Children are a gift from the Lord; the fruit of the womb, a reward. Like arrows in the hand of a warrior are the children born in one's youth. Blessed are they whose quivers are full. They will never be shamed contending with foes at the gate. ~Psalm 127:3-5

Thursday, June 5, 2008

Raising Angel



My oldest is only 3 1/2. I have to tell myself this over and over when she's yelling at me, when she throws her attitude my way and yes even when, I'm ashamed to say, she cusses. The cussing thing I blame on her father although I can admit that I've thrown a cuss word around once in awhile when I'm really angry! But he cusses over the smallest annoyances so his is more frequent and a lot more noticeable! The first time she said a not-so-nice word, it was sort of cute. We laughed. And then, of course, she liked that we laughed so she did it again. Then, as she got a little older, she realized that cuss words were words we seemed to use to express being upset or annoyed at something. So, when we sent her to her room, the cuss words would fly. It's no longer cute. We are working on this and it's gotten a lot better with all of us.

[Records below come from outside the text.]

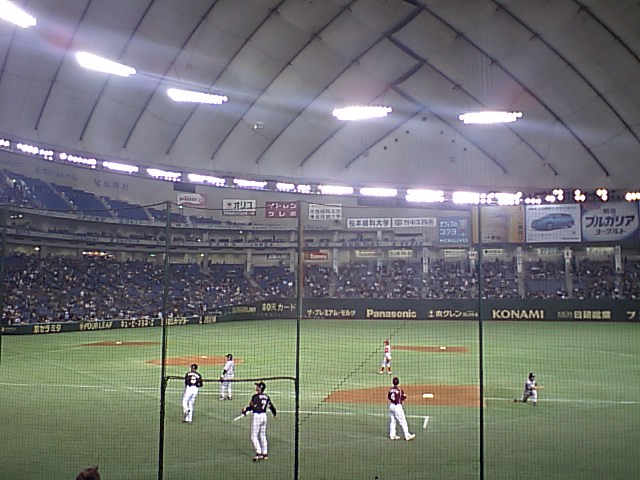 2枚目⇒試合前の日本選手の練習風景・・・自分達が座った席は一塁側の割とグランドに近いとこだったので結構大きく写真取れるかなーって思ってたんですが、やっぱり携帯のカメラでは限界がありました(T-T) 取りあえず雰囲気だけでも・・・
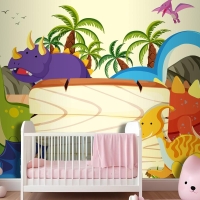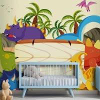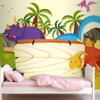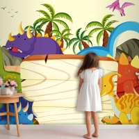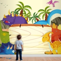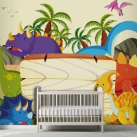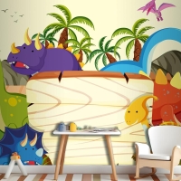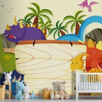 Bir Dinozor Ahşap Tahta Şablonu Çocuk Odası Duvar Kağıdı
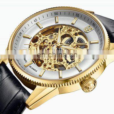 Title High quality Relojes Hombre Custom Black Leather Gold Wrist Watches Skeleton Mechanical Watches Men Luxury Brand Automaticc [ OEM & ODM ]Product DescriptionCase materialStainless steelCase ColourSilver or Rose gold or Gold or BlackDiameter Size 45MMStrap MaterialGenuine Leather Strap Width 24MM-22MMClaspSteel buckleCase backStainless steel backMovementMechanical Automatic movementWater Resistant10ATMDialCustomizedBrandCustomized Your LogoSample leadtime3-5 days for stock modelsMass production time30-45 working daysRelated ProductsFor further information about above models, pls contact us!Company InformationHK Dualtime watch industry Co., Ltd is a watch manufacturer build up in 2009 and passes through the certification of ISO9001. The factory area is 1400 square meters, and the annual yield is 500000pcs watches. The company owns a professional research & development team. We can do 300 meter waterproof with good quality. There are more than 2000 watch styles and more than 500 watch samples available, which include lovers series, lady series, sports series, military watch series, gentleman series, electronic series and gemstone series. Most watches are exported to Europe, America, and Southeast Asia. Package & ShippingStandard Package (Free of charge)10 pcs watches inside one foam tray, then 10 trays inside one outer carton. Custom-made Package (with charge)If you have Custom-made package, we can source for you. ShippingMany friends concern about the shipping cost, normally the goods will send out through DHL, UPS, TNT, EMS, FedEx(door to door) if you do not have a domestic forwarder in China. The cost mostly depends on the final choice for the watch models, packing and shipping method, for sure we will recommending the most economic one for you.Certifications Our ServicesQuality checking standard:1. All incoming parts and assembled watched will be checked carefully during the whole process.2. All watches will be passed through the waterproof testing.3. All watches can be complied with CE/RoHS, nickel free, etc. 100% safety strap, comfortable, eco-friendly and non toxic to body.Gurantee period:Our gurantee period is one year since the delivery time of mass shipment. During this period, we will take full responsiblilty for all deffective caused by normal using. Either you can send back for repairs, or we send out new parts for your replacement. FAQQ: What is your MOQ? Can i mix colors & styles?A: No MOQ limited for stock watches. Q: Can we have our logo on the watches?A: Yes, you can. Q: Will you provide samples and how much is it?A: sample cost for stock model will be US$50/PC. If need customized logo sample, it will cost US$100/PC. Q: How long is the delivery time of samples and mass order?A: 3-5 days for stock samples without logo, 30-45 working days for mass order if we have enough stock parts. Q: About paymentA: by T.T. If sample order, full payment before shipment. If mass order, 30% deposit after order confirmation, 70% balance beofre mass shipment. For more discounted products, pls contact us as below. Thanks!
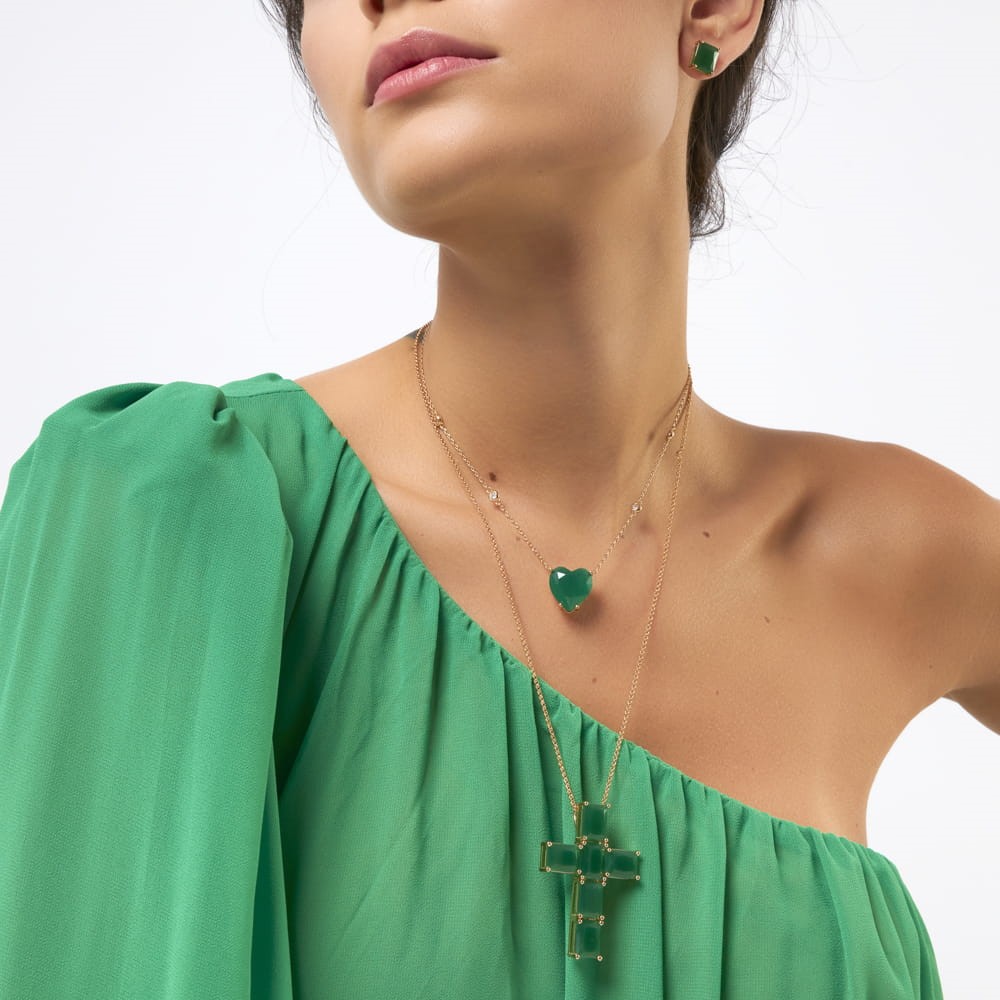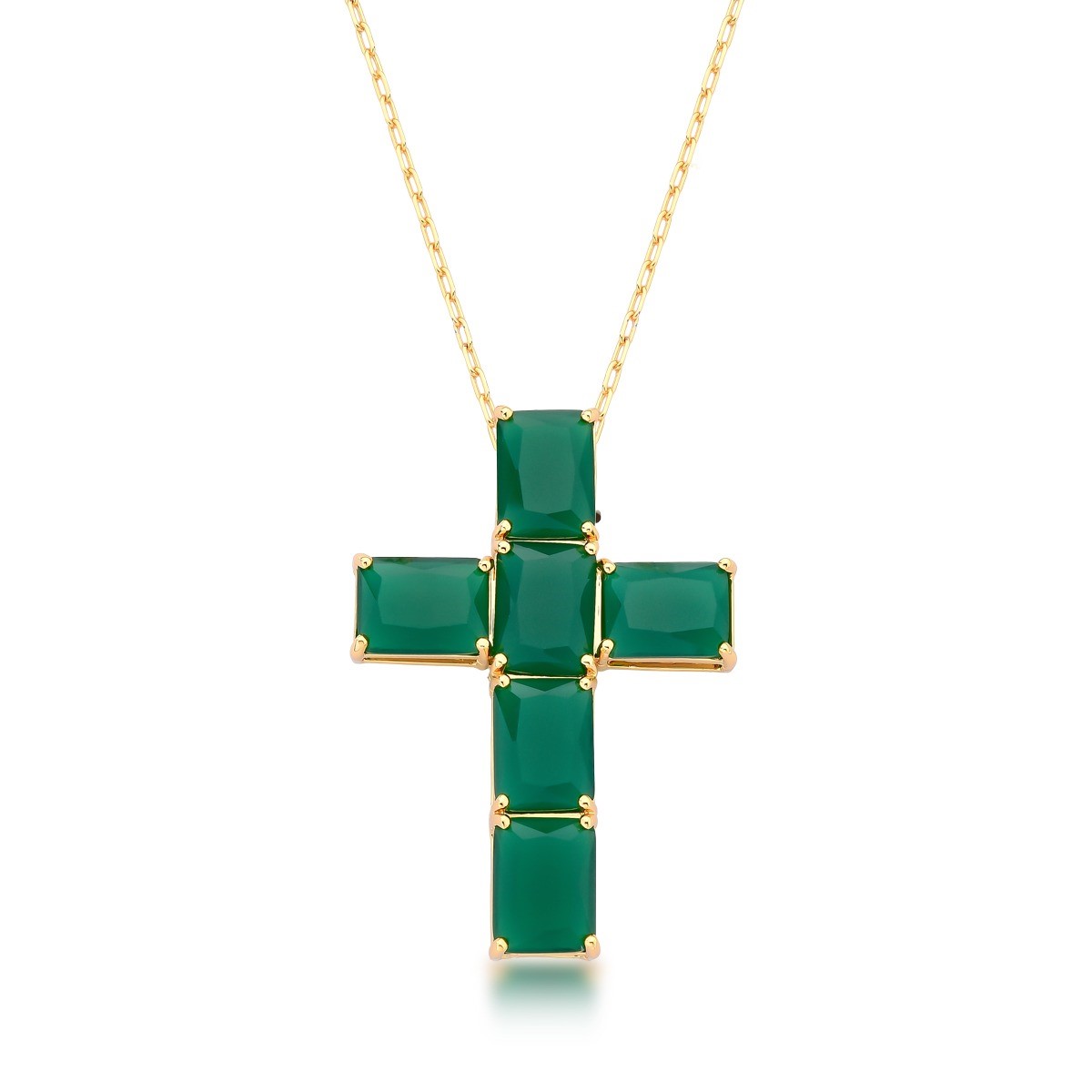 Colar Com Pingente De Cruz Cristais Esmeralda Banho 18k

But aside from the cussing and the attitude, I really do have to remember that she is only 3 1/2. I forget sometimes, I'm guessing because she's my oldest, that she isn't as independent as I think she is. I almost get annoyed at this in the moments when I have forgotten she's still really just a baby. She's very helpful with her little brother and sister and she does most basic things herself like getting juice cups out for me to fill, getting herself dressed (although we do have to help her sometimes), feeding herself, going to the potty by herself, etc. But in the middle of the night, when she's having one of her night terrors or when she just wants to snuggle in our bed, I am instantly aware that she is not grown up after all.

I look at her and each day she gets taller, learns more words, learns more mannerisms and tones of voice. She says the craziest things some days, things you wouldn't think would come from a 3 1/2 year old. I often expect more from her, which I know I shouldn't. Sometimes I expect her to have adult understanding of the way things work in life or of how emotional I can be and why. But she does not.

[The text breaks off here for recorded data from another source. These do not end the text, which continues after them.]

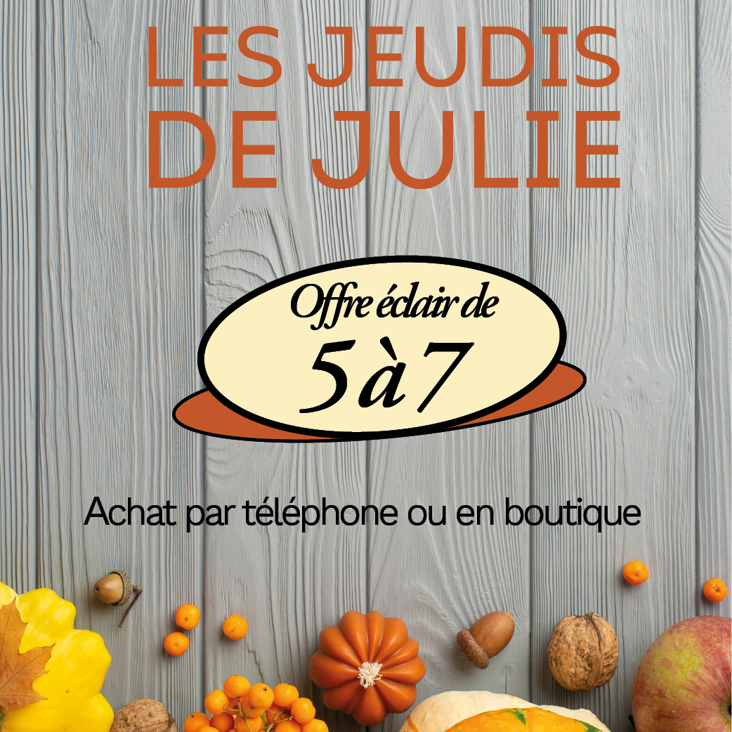 Des offres exclusives, valables pendant seulement quelques heures… et après c’est fini ! Les prochains Jeudis de Julie auront lieu aux dates suivantes de 17 h à 19 h:
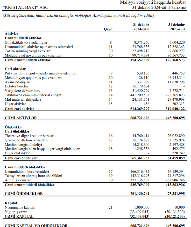 31 dekabr 2025-ci il tarixində "Kristal Bakı" ASC 668 milyon 722 min manat cəmi kativlərə malik olub. Şirkət 2023-cü ilin sonunda 445 milyon 201 min manat cəmi aktivlərə malik idi (2024-cü ildə cəmi aktivləri 223 milyon 521 min manat və ya 50,2% artıb). Həmçinin, 2024-cü ilin sonunda "Kristal Bakı" şirkətinin 33 milyon 409 min manat yığılmış zərəri olub (2023-cü ilin sonunda 30 milyon 131 min manat)
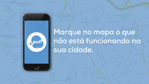 puf! é um app colaborativo de cidadania disponível para iOS e Android onde as pessoas marcam onde alguns serviços não estão funcionando de uma maneira rápida e simples.

Long ago she lost her baby face. It was replaced with a child's face but she seems even older than a child somehow. When I look in her eyes, I see innocence but I also see wisdom. I am unsure as to how to handle her some days, especially when she acts like a little baby. I have to remind myself constantly that she is still so young and that she needs me in so many ways, despite that wisdom I perceive. Some days I am crushed when all I want is to gather her in my arms and hold her and I am met with annoyance and a resistant "Mom, I'm doing something..." Other days I am annoyed when she is the one asking me to hold her. Some days she sucks her thumb. Others she'd rather help me with chores and taking care of the baby.

My daughter is caught in a stage where she is trying to figure out where her place in the family is, I think. She feels like she's lost her status and in some ways, she has. She is no longer the baby or the only child. Two years ago, my son was born taking both of those titles from her. Now she is contending with another baby, vying for my attention with two other needy children. I feel that somehow she senses that most days she will lose this race, especially when the baby is exceptionally fussy or her brother is throwing fits. I'm afraid for her, I do not want her to grow up feeling like there was never enough left for her. I try to spend time with her by herself. Her daddy usually takes just her if he's going somewhere and wants to take a kid.

I don't know what else to do for her except to give her lots of hugs and look into her beautiful blue eyes, tell her how much I love her and hope that somewhere in the depths of her wisdom she understands. After all, behind that child's face lies the face of a baby and even in her wise soul there beats the heart of an innocent being.